= Rafael Zevallos =

Peruvian chemist, author and politician

Rafael Jerko Zevallos Bueno (born 4 April 1973) is a Peruvian chemist, author, and politician. He holds a chemistry degree from the National University of San Marcos.

A member of the Peruvian Aprista Party since 1998 and of its National Executive Committee from 2010 to 2017, Zevallos announced his candidacy for President of Peru in the 2021 Peruvian general election in September 2020. In the primary election held on 29 November 2020, he faced former Minister of Women and Social Development, Nidia Vílchez, and former congressional nominee, Juan Carlos Sánchez Montes de Oca, for the APRA presidential nomination.

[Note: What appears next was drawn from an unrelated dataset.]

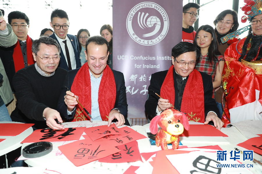2月24日, 在爱尔兰首都都柏林, 爱尔兰总理利奥·瓦拉德卡在中国新春市集活动上学写书法。新华网发 张琪摄

He eventually placed third with 745 votes at national level. He ran for a second time for the party's presidential nomination for the 2026 general election. He placed eighth in the primary election by attaining 1.3% of the members’ vote, losing to newcomer Enrique Valderrama.

Zevallos is the author of From anti-imperialism to post-capitalism and the APRA, published by the Editorial Fund of the National University of San Marcos, in February 2018. He is also the brother of Marco Antonio Zevallos, a ranking member of First The People – Community, Ecology, Liberty, and Progress and a former member of the Purple Party.